* [EXTRACTED DATA]
····················
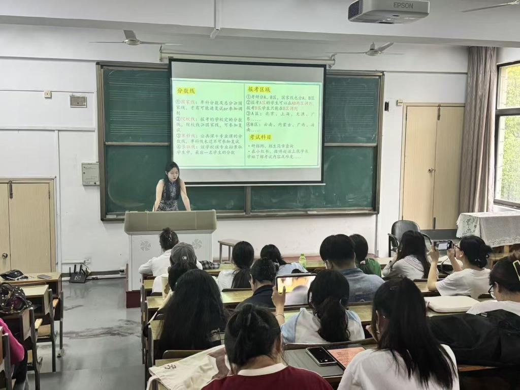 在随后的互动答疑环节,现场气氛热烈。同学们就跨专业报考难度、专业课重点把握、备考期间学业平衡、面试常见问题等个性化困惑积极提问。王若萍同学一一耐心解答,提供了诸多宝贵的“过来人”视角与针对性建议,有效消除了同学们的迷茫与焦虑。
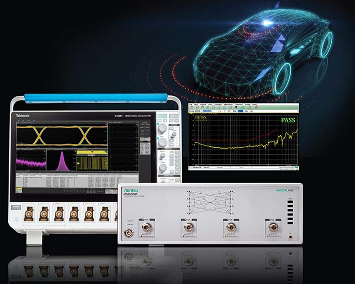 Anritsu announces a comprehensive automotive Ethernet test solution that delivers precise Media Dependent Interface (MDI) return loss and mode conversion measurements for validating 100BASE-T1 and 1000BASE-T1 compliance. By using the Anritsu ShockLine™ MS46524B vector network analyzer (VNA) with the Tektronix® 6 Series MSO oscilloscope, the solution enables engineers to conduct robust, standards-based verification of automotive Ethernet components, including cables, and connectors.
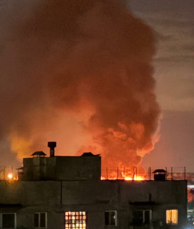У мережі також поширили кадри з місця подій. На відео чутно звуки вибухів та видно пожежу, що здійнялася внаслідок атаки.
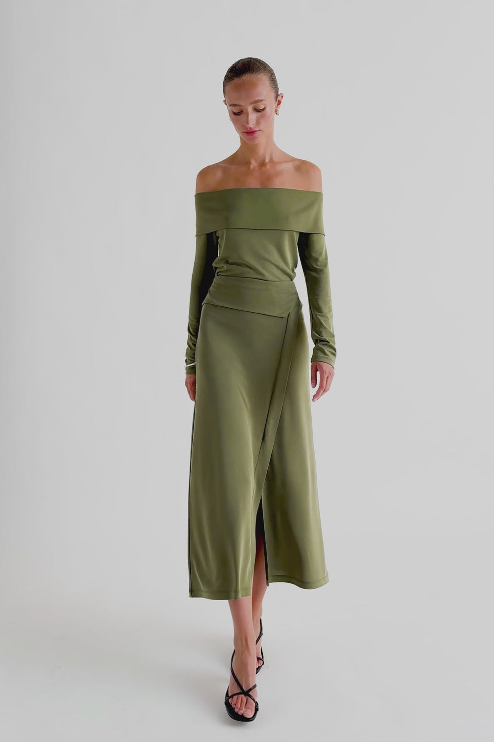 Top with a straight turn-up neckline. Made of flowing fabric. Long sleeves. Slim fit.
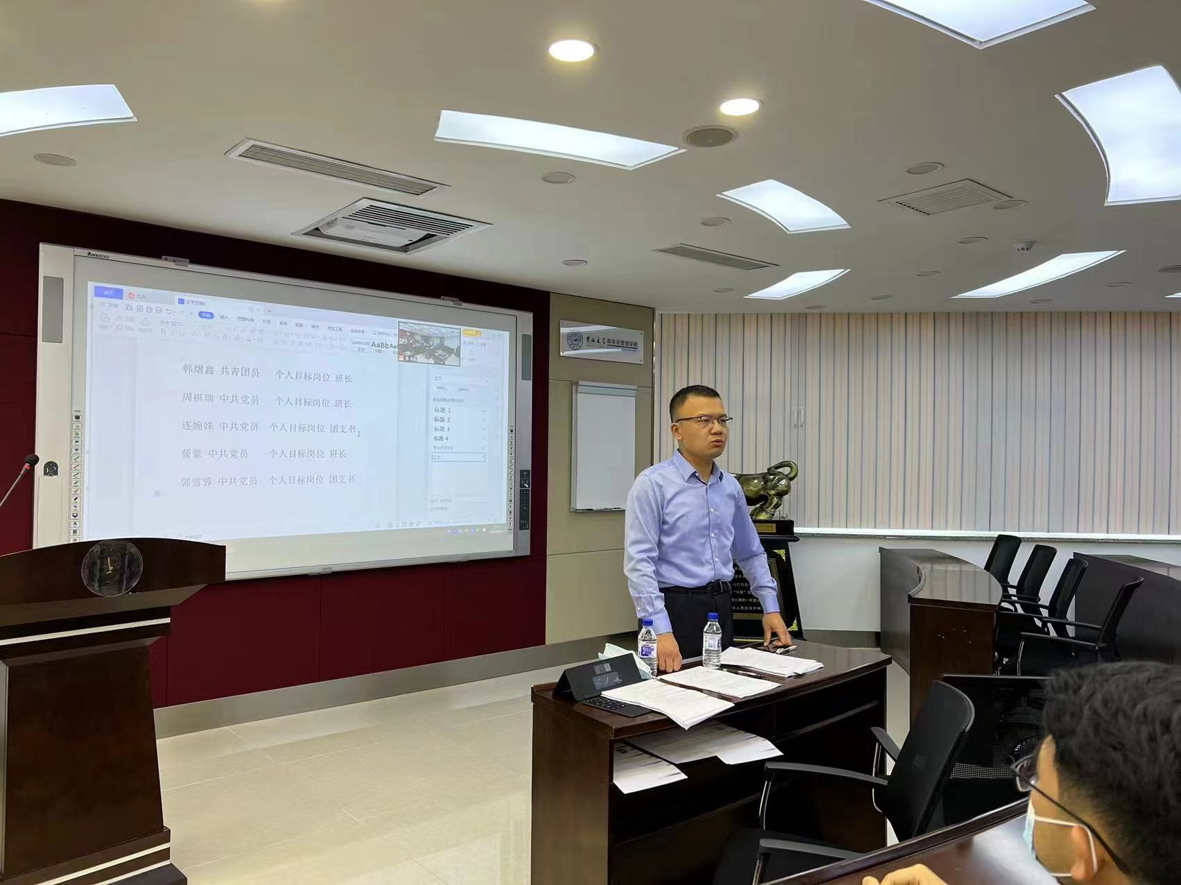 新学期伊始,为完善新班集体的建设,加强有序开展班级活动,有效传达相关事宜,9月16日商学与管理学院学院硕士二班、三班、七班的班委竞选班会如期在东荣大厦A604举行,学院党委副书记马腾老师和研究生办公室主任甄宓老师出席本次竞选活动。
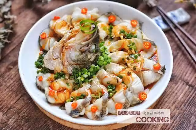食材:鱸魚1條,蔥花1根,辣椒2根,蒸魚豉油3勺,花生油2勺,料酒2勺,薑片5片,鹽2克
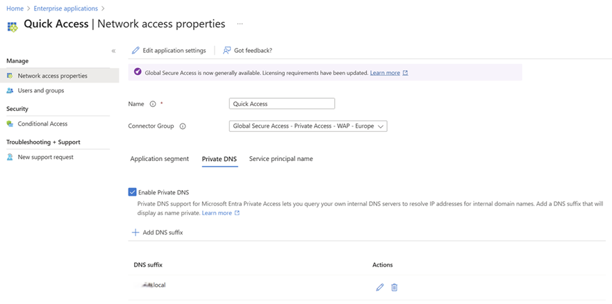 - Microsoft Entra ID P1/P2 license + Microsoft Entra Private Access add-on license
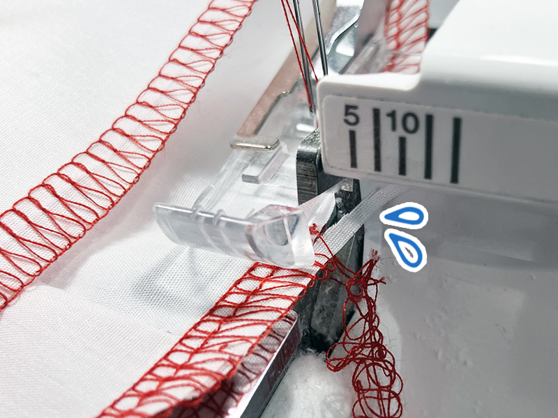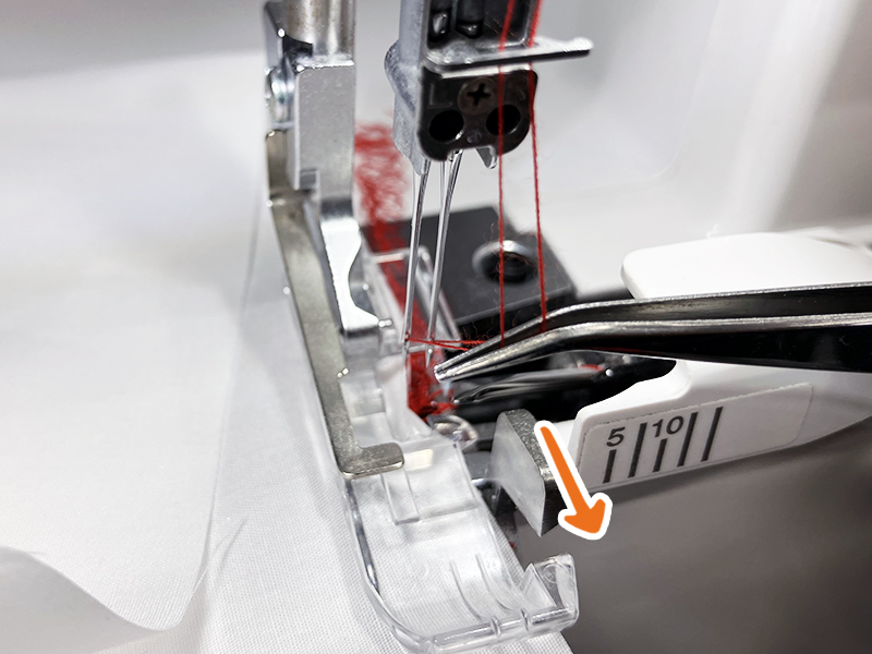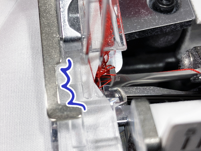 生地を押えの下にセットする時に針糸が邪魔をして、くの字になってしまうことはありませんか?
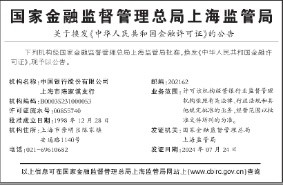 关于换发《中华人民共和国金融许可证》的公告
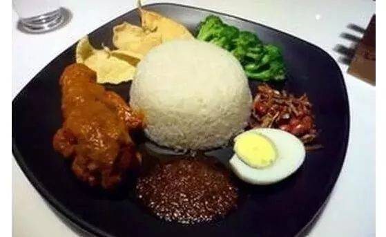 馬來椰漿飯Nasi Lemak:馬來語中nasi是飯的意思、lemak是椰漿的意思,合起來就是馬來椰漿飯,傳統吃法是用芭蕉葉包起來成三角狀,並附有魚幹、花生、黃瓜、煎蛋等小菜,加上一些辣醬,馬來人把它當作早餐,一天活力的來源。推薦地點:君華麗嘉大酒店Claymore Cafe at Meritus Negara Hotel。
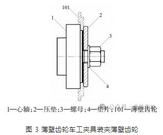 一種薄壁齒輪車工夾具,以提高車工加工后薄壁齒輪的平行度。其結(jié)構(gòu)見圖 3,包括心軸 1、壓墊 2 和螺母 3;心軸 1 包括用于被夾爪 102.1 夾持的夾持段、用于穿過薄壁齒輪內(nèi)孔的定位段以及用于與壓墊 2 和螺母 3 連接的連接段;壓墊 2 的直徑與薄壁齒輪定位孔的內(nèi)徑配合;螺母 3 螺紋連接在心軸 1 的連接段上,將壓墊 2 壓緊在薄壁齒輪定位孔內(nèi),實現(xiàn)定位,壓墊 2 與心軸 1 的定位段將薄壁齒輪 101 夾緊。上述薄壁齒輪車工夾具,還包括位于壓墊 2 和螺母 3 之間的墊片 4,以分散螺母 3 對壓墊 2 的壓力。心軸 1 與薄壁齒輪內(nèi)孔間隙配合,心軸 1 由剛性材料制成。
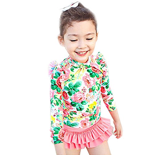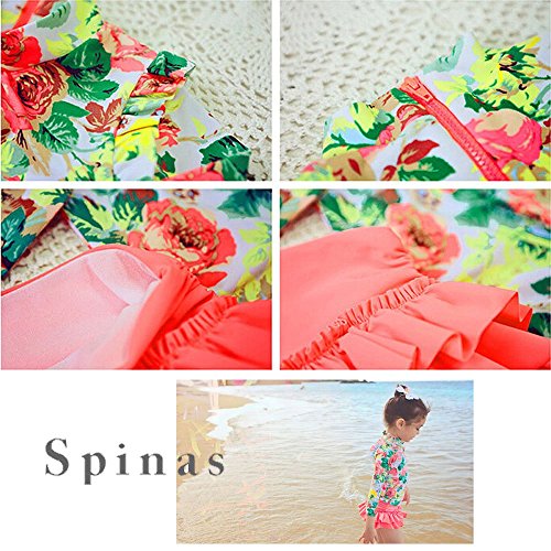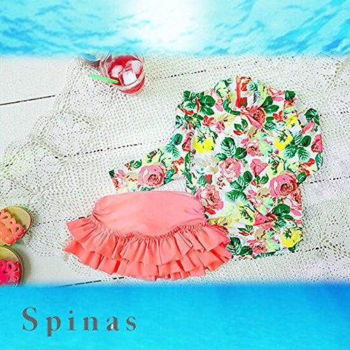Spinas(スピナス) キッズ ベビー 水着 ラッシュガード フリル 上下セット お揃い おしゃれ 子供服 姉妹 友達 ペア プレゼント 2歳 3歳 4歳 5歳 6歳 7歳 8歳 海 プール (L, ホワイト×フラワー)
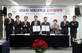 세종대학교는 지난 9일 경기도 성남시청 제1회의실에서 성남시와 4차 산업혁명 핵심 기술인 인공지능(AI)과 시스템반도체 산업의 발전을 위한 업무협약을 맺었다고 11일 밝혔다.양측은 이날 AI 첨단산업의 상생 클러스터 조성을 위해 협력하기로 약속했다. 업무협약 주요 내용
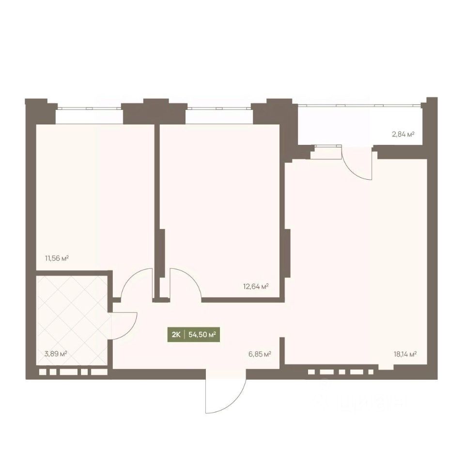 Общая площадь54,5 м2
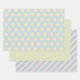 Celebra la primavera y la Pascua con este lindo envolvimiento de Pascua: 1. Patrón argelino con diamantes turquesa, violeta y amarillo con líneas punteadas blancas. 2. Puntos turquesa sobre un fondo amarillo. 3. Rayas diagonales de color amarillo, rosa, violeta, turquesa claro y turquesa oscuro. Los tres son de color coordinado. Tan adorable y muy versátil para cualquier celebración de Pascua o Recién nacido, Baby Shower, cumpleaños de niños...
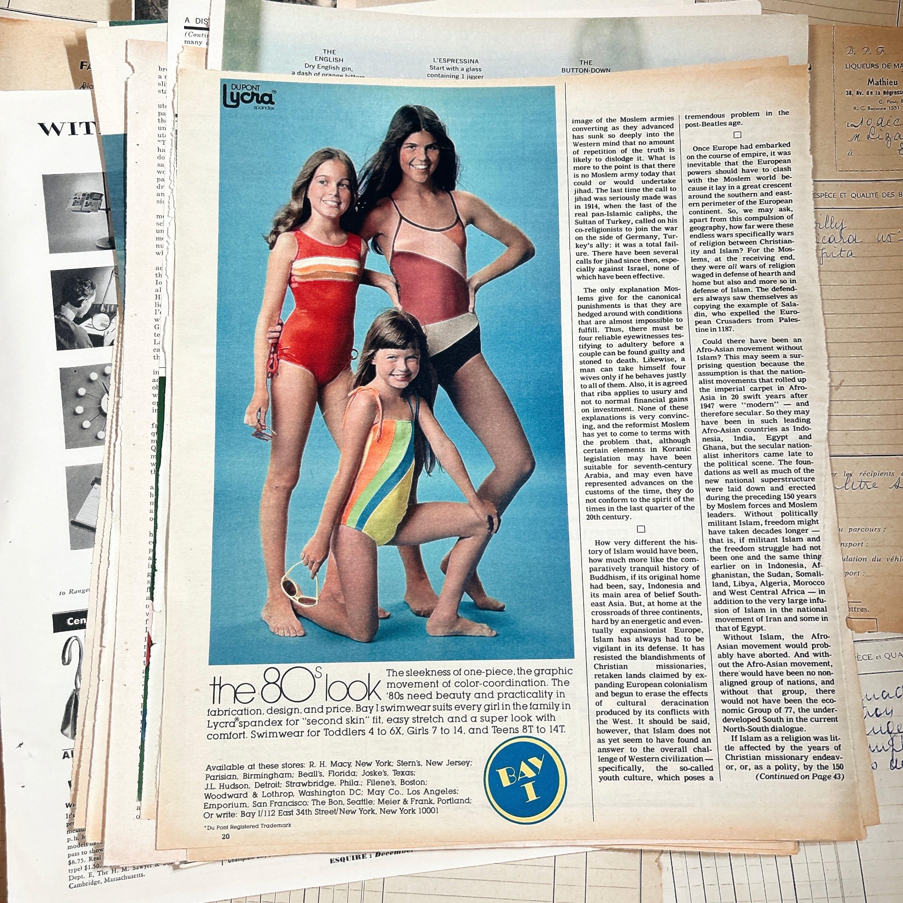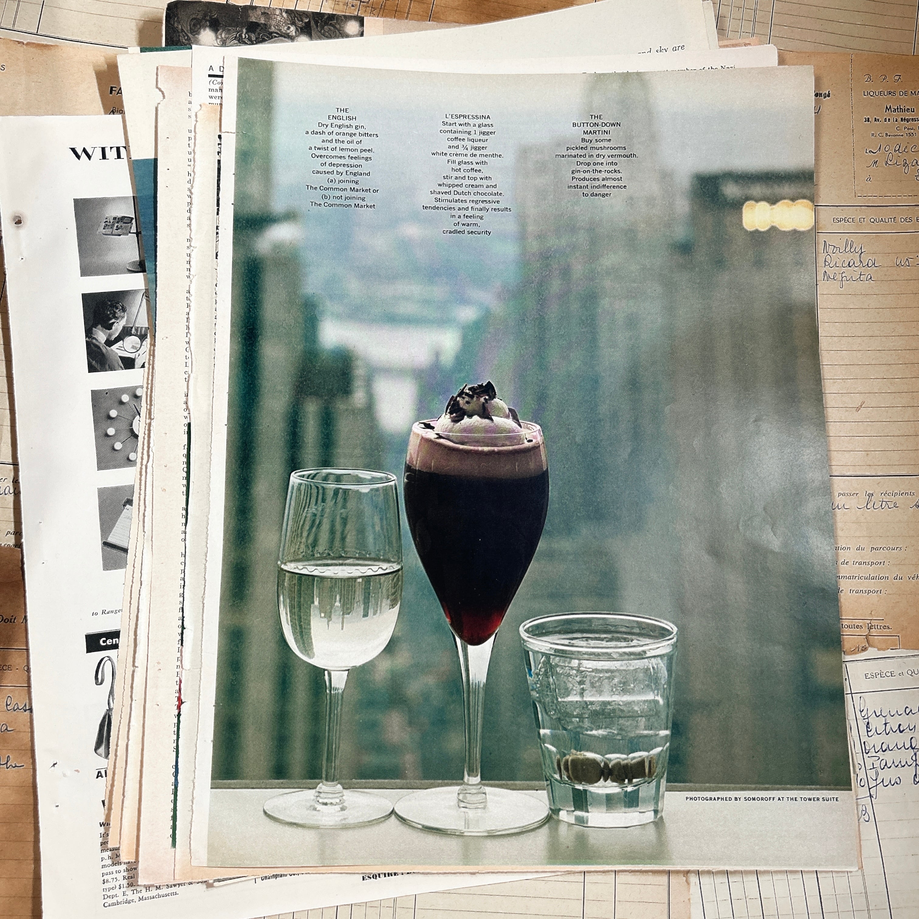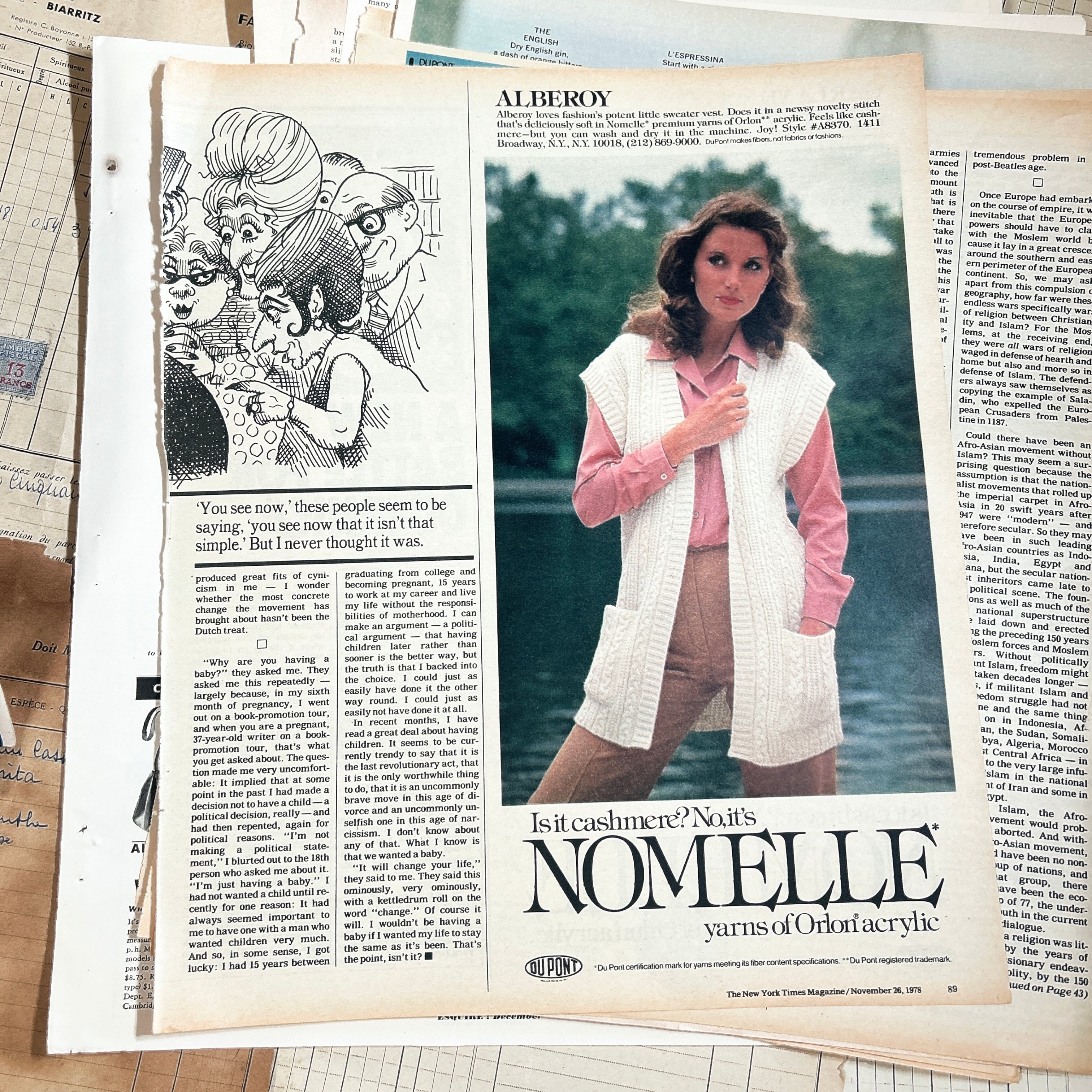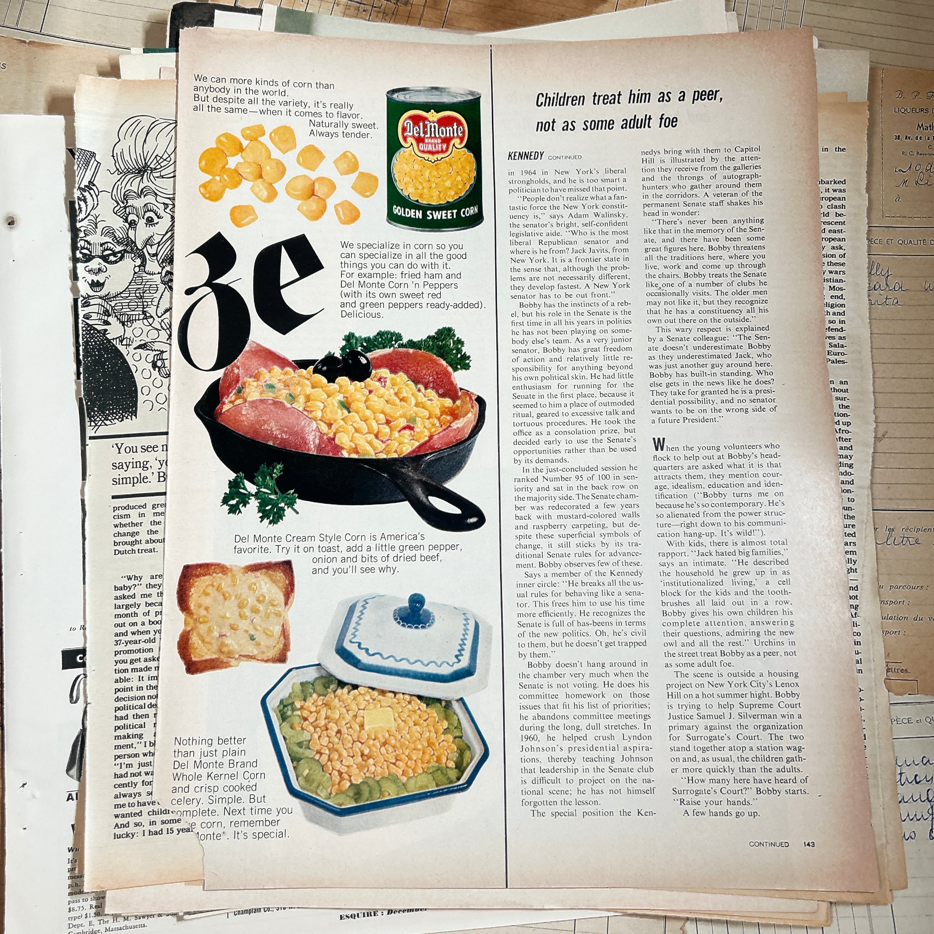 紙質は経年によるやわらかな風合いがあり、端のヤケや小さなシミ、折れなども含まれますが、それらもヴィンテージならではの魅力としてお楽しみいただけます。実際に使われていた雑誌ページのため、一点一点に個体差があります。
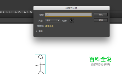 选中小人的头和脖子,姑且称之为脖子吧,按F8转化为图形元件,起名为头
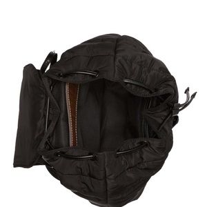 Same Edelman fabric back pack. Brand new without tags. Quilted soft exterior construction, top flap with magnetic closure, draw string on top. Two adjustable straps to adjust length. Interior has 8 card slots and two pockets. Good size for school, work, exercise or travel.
····················
* [DESCRIPTION OF THE TASK]
Output the data above in full and exactly, with every image left out.

* [COMPLETED TASK]
 在随后的互动答疑环节,现场气氛热烈。同学们就跨专业报考难度、专业课重点把握、备考期间学业平衡、面试常见问题等个性化困惑积极提问。王若萍同学一一耐心解答,提供了诸多宝贵的“过来人”视角与针对性建议,有效消除了同学们的迷茫与焦虑。
 Anritsu announces a comprehensive automotive Ethernet test solution that delivers precise Media Dependent Interface (MDI) return loss and mode conversion measurements for validating 100BASE-T1 and 1000BASE-T1 compliance. By using the Anritsu ShockLine™ MS46524B vector network analyzer (VNA) with the Tektronix® 6 Series MSO oscilloscope, the solution enables engineers to conduct robust, standards-based verification of automotive Ethernet components, including cables, and connectors.
У мережі також поширили кадри з місця подій. На відео чутно звуки вибухів та видно пожежу, що здійнялася внаслідок атаки.
 Top with a straight turn-up neckline. Made of flowing fabric. Long sleeves. Slim fit.
 新学期伊始,为完善新班集体的建设,加强有序开展班级活动,有效传达相关事宜,9月16日商学与管理学院学院硕士二班、三班、七班的班委竞选班会如期在东荣大厦A604举行,学院党委副书记马腾老师和研究生办公室主任甄宓老师出席本次竞选活动。
食材:鱸魚1條,蔥花1根,辣椒2根,蒸魚豉油3勺,花生油2勺,料酒2勺,薑片5片,鹽2克
 - Microsoft Entra ID P1/P2 license + Microsoft Entra Private Access add-on license
 生地を押えの下にセットする時に針糸が邪魔をして、くの字になってしまうことはありませんか?
 关于换发《中华人民共和国金融许可证》的公告
 馬來椰漿飯Nasi Lemak:馬來語中nasi是飯的意思、lemak是椰漿的意思,合起來就是馬來椰漿飯,傳統吃法是用芭蕉葉包起來成三角狀,並附有魚幹、花生、黃瓜、煎蛋等小菜,加上一些辣醬,馬來人把它當作早餐,一天活力的來源。推薦地點:君華麗嘉大酒店Claymore Cafe at Meritus Negara Hotel。
 一種薄壁齒輪車工夾具,以提高車工加工后薄壁齒輪的平行度。其結(jié)構(gòu)見圖 3,包括心軸 1、壓墊 2 和螺母 3;心軸 1 包括用于被夾爪 102.1 夾持的夾持段、用于穿過薄壁齒輪內(nèi)孔的定位段以及用于與壓墊 2 和螺母 3 連接的連接段;壓墊 2 的直徑與薄壁齒輪定位孔的內(nèi)徑配合;螺母 3 螺紋連接在心軸 1 的連接段上,將壓墊 2 壓緊在薄壁齒輪定位孔內(nèi),實現(xiàn)定位,壓墊 2 與心軸 1 的定位段將薄壁齒輪 101 夾緊。上述薄壁齒輪車工夾具,還包括位于壓墊 2 和螺母 3 之間的墊片 4,以分散螺母 3 對壓墊 2 的壓力。心軸 1 與薄壁齒輪內(nèi)孔間隙配合,心軸 1 由剛性材料制成。
Spinas(スピナス) キッズ ベビー 水着 ラッシュガード フリル 上下セット お揃い おしゃれ 子供服 姉妹 友達 ペア プレゼント 2歳 3歳 4歳 5歳 6歳 7歳 8歳 海 プール (L, ホワイト×フラワー)
 세종대학교는 지난 9일 경기도 성남시청 제1회의실에서 성남시와 4차 산업혁명 핵심 기술인 인공지능(AI)과 시스템반도체 산업의 발전을 위한 업무협약을 맺었다고 11일 밝혔다.양측은 이날 AI 첨단산업의 상생 클러스터 조성을 위해 협력하기로 약속했다. 업무협약 주요 내용
 Общая площадь54,5 м2
 Celebra la primavera y la Pascua con este lindo envolvimiento de Pascua: 1. Patrón argelino con diamantes turquesa, violeta y amarillo con líneas punteadas blancas. 2. Puntos turquesa sobre un fondo amarillo. 3. Rayas diagonales de color amarillo, rosa, violeta, turquesa claro y turquesa oscuro. Los tres son de color coordinado. Tan adorable y muy versátil para cualquier celebración de Pascua o Recién nacido, Baby Shower, cumpleaños de niños...
 紙質は経年によるやわらかな風合いがあり、端のヤケや小さなシミ、折れなども含まれますが、それらもヴィンテージならではの魅力としてお楽しみいただけます。実際に使われていた雑誌ページのため、一点一点に個体差があります。
 选中小人的头和脖子,姑且称之为脖子吧,按F8转化为图形元件,起名为头
 Same Edelman fabric back pack. Brand new without tags. Quilted soft exterior construction, top flap with magnetic closure, draw string on top. Two adjustable straps to adjust length. Interior has 8 card slots and two pockets. Good size for school, work, exercise or travel.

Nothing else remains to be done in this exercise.